Thursday, December 18, 2008

"I HAVE HAD A HAPPY LIFE AND THANK THE LORD."

When I said I wanted to travel when I got older, I didn't necessarily mean Greyhound buses and forty dollar taxi-cabs. But it's moving, isn't it? Isn't that what we need to do? Move?

I finished my last exam at 12:25 this afternoon. 25 minutes after it began. Studying pays off.

My friend drove me to the Charlotte Greyhound bus station this afternoon and I found myself waiting amongst a large group of soldiers who were headed to New York. I finished up Into the Wild and watched people as they ate mini-pizzas and spilled colas on the floor. I kept to myself. Lately a lot of people have been telling me that I need to make more of an effort to meet people. It's scary. I don't like putting myself out there.

As much as I didn't like the main character in Into the Wild, I liked what he stood for. He had this grandiose idea that he could kill this megabeast inside his soul that was a slave to the corporate world. He was arrogant and rash and ill-prepared. But it's hard to argue that he wasn't passionate. Passionate and adventurous and reckless.

I was sitting on the bus and made a conscious effort to sit in a seat caddy-cornered from this mountain man. The term "mountain-man" isn't really fair. Most time it conjures up an image of a man with fur pelts and a full beard with leathery skin and squinty eyes. However, I just use the term when talking about disheveled guys with scruff. This guy was no different. He had a thick beard, ski cap, a couple of t-shirts and jackets layered one over the other, some khakis and hiking boots. Dirty fingernails. Dirty, disgusting fingernails. He was reading The Republic by Plato and eating Clif Bars. Just like every other guy on App State's campus. But he seemed nice.

And he was really, really good looking.

He struck up conversation, but his voice was suspiciously low. A mumble almost. We talked about our final destinations and the plans we had upon arriving home. I discovered he had simply been traveling by bus for the past several days. I asked if there was any particular place he wanted to stop and he just laughed. He talked about how he would be spending time with a friend in Asheville for a few days before heading on to Atlanta to find a job. His plans weren't definite. He was wandering.

He asked me where I was headed and if I liked living in Indianapolis. My responses just sounded chirpy. I was nervous to be talking with someone I didn't know. Critiques of my sentences kept running through my head and I was fully aware of every movement my body made.
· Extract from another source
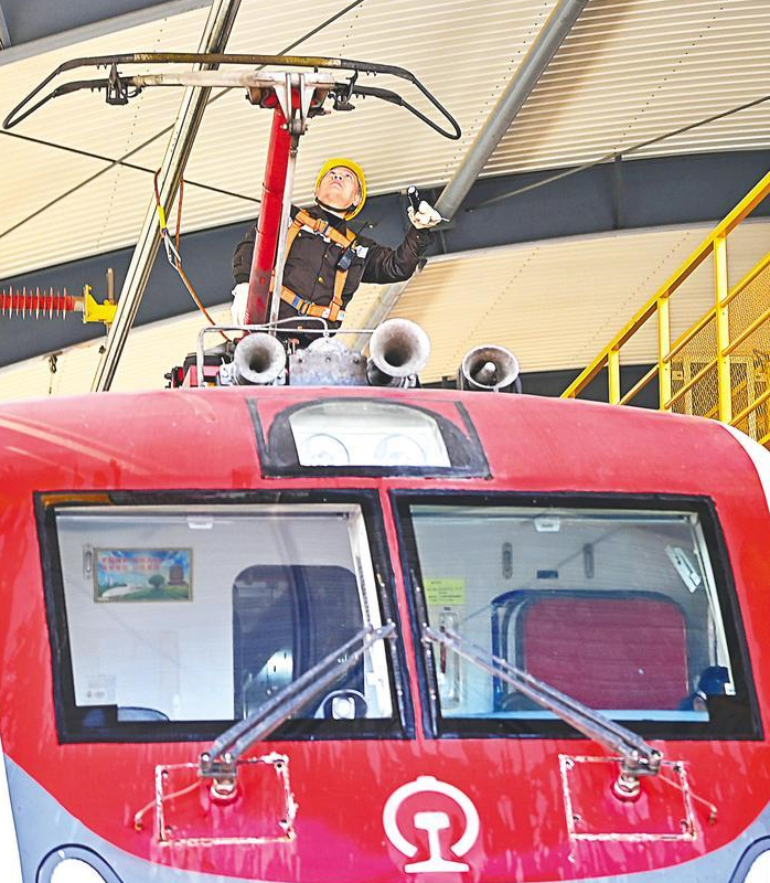 1月17日,武昌南机务段的工作人员正在机车顶棚上检修机车。 (湖北日报全媒记者 朱熙勇 通讯员 唐珂欣 摄)
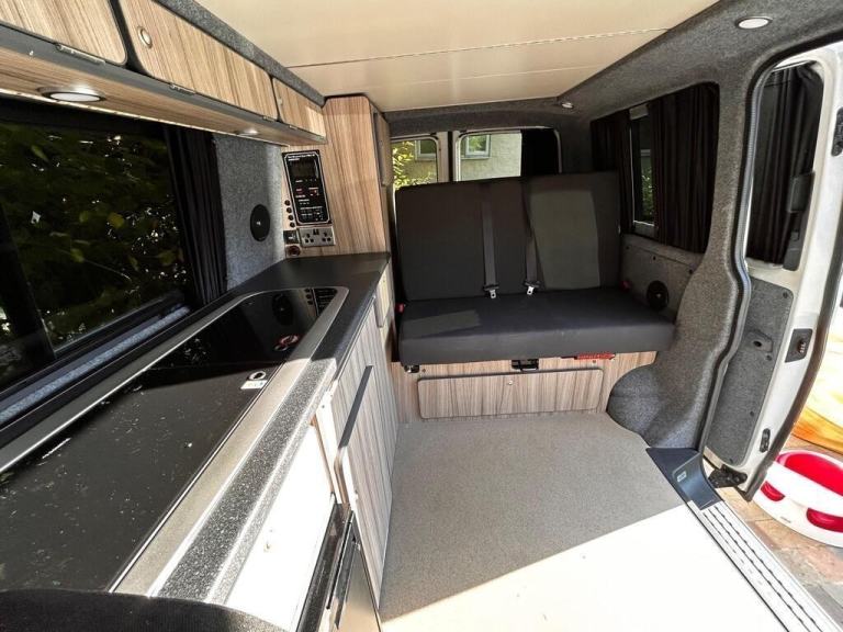Hit the Road in Style – VW Transporter 4-Berth Camper by Campervan FactoryReady for your next adventure? This beautifully converted VW Transporter, crafted by the renowned Campervan Factory, is your ticket to freedom. With a sleek, professional finish and packed with practical features, this 4-berth camper combines iconic VW reliability with top-tier craftsmanship. Whether it’s weekends away or extended road trips, this van is fully equipped to take you there in comfort and style.Fantastic, highly professional conversion carried out by the highly regarded "Campervan Factory", including comprehensive insulation, and carpetingSeats 5 in comfort (3 in front, 2 in rear)Swiveling Dual passenger seat creating lounge areaSmart bed/seat Evo2 tested and certified so that it meets the latest EU regulation, for seat belt : EC DIRECTIVE 76/115/EEC FOR M1 LOADING, and carrying passengersAccommodation for 4, 2 in 3/4 width bed, 2 in pop top area using 3 roof boardsFiamma F45S wind out awningWebasto Diesel heaterLED lighting throughout the habitation areaDometic CRX 50 3 way fridgeSMEV combination sink2 burner hobComprehensive professionally fitted electrical installation, including leisure battery, split charging system, and 240v systemBlack limo tint windowsHuge amount of storage space in lockers, cabinets, under bed and dual passenger seatEuro 6 (ULEZ compliant)DABElectric windows and mirrorsAlloys wheelsAir conditioningBluetoothRear Parking sensorsRear barn doorsMOT until 9th Sept 2026Timing Belt and water pump replaced at 95327 in September 2024 We are proud to offer Complimentary 31 Day Free Driveaway Insurance on this vehicle.Vehicle located in Stroud, (GL5 postcode area), viewing by easily arranged appointment!Part Exchange, Finance and Warranty Options Available. For many more photographs - Please enquire above, or call Ashley on [Phone number removed]or 01453 709469 - I'll be very pleased to help!

On the other hand, he seemed really calm. I envy people like that. He introduced himself as Shawn (Sean? Shaun? I'll never know.) and preceded to give one of the wimpiest handshakes I've ever come across. That or maybe I just gripped his hand too tightly.
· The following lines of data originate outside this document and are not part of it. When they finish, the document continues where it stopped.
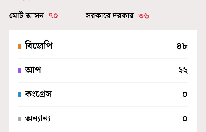 ভারতীয় নির্বাচন কমিশনের সর্বশেষ তথ্য অনুযায়ী, দিল্লি বিধানসভার ৭০ আসনের মধ্যে ৪৮টি আসন দখল করেছে ভারতীয় জনতা পার্টি।বাদবাকি ২২টি আসন গিয়েছে আপের ঝুলিতে।কংগ্রেসের কৌটা শূন্য। ক্ষমতা দখলের জাদু সংখ্যা ৩৬। তার বহু আগেই আটকে যায় অরবিন্দ কেজরিওয়ালের দল আপ আদমি পার্টি।
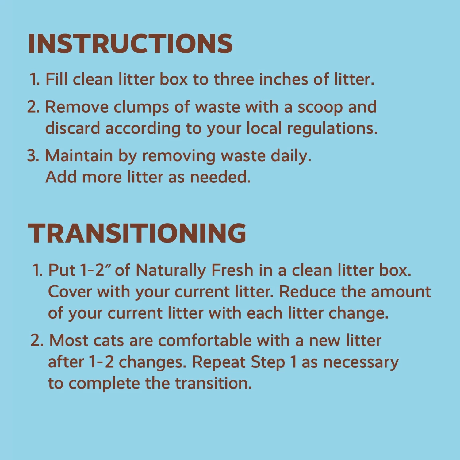 1) Fill a clean litter box to the recommended level of three inches of Naturally Fresh Walnut Pellet Litter.
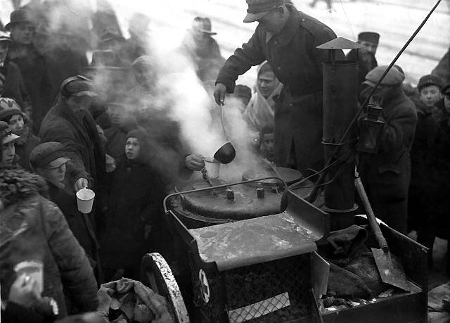 Бесплатный суп только для голодающих детей, сельская местность, США, 30-е С начала 30-х благотворительные организации в крупных городах начали раздачу бесплатного супа для отчаявшихся. Очередь за ним нередко растягивалась на километры, хватало далеко не всем. Часто эти бесплатные столовые были единственным, что спасало людей от голодной смерти. Суп раздавали далеко не только из человеколюбия – вскоре выяснилось, что дать человеку тарелку супа проще, чем получить проблемы, когда отчаявшийся человек пойдёт грабить или воровать.
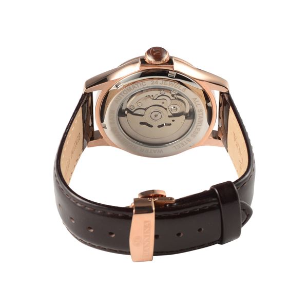 文字盤にも、デザインの中に革を取り入れており、裏蓋からムーブメントが見えるスケルトンモデルを採用、機械式の時計。ブックタイプボックス付き、交換が出来るベルト1本付き(工具も同梱)になります。

Our conversation was interrupted when the older gentleman directly in front of me, who was reading Breaking Dawn, reclined his chair all the way back forcing me to scoot closer to the window. Every so often the mountain-man and I caught each other's eyes, but the man in front of me refused to budge, squashing all hopes of finishing a pleasant conversation. I had planned on saying something along the lines of, "Good luck in Atlanta!" when we got off the bus, but my taxi was waiting for me.
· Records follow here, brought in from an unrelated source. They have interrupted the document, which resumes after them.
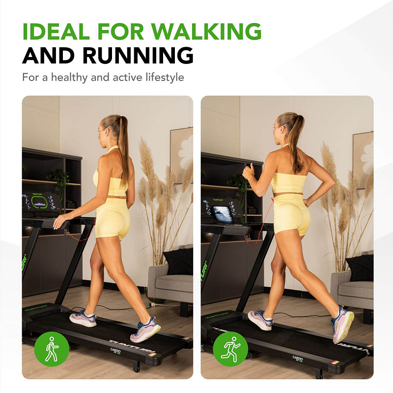 TUNTURI Cardio Fit T50 je výkonný běžecký pás pro domácí použití, který uspokojí jak začátečníky, tak pokročilé běžce. Nabízí prostornou běžeckou plochu o rozměrech 130 × 45 cm, rychlost až 16 km/h a automatické nastavení sklonu ve 15 úrovních, což vám umožní přizpůsobit trénink vaší kondici i cílům. Silný motor o výkonu 3,0 HP zajišťuje tichý a plynulý chod i při vyšších rychlostech, zatímco robustní konstrukce zaručuje stabilitu a dlouhou životnost stroje při každodenním používání.
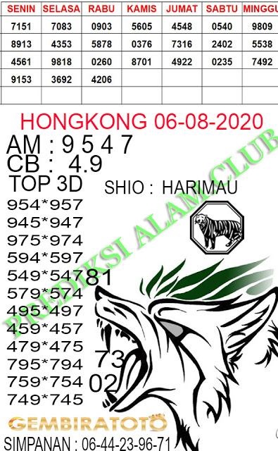 Prediksi Hk Kamis 6 Agustus 2020
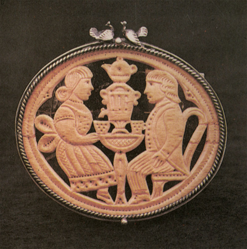 Брошь «Чаепитие». Авторы Т. Г. Вязов, В. П. Кордюков

So here I sit, five hours until I come home, wondering his last name, trying to draw similiarities between Shawn's (Sean's? Shaun's? I'll never know.) life and that of Chris McCandless, glad that I finally talked to someone. People are now flooding into the lobby which means it's time to check my bags. Perhaps I'll have another opportunity to talk to someone else. But two people in one day? Let's not get carried away.


"On the other side of the page, which was blank, McCandless penned a brief adios" 'I HAVE HAD A HAPPY LIFE AND THANK THE LORD. GOODBYE AND MAY GOD BLESS ALL!'
Then he crawled into the sleeping bag his mother had sewn for him and slipped into unconsciousness. He probably died on August 18, 112 days after he'd walked into the wild, 19 days before 6 Alaskans would happen across the bus and discover his body inside.
One of his last acts was to take a picture of himself, standing near the bus under the high Alaska sky, one hand holding his final note toward the camera lens, the other raised in a brave, beatific farewell. He face was horribly emaciated, almost skeletal. But if he pitied himself in those last difficult hours--because he was so young, because he was so alone, because his body had betrayed him and his will had let him down--it's not apparent from the photograph. He is smiling in the picture, and there is no mistaking the look in his eyes: Chris McCandless was at peace, serene as a monk gone to God."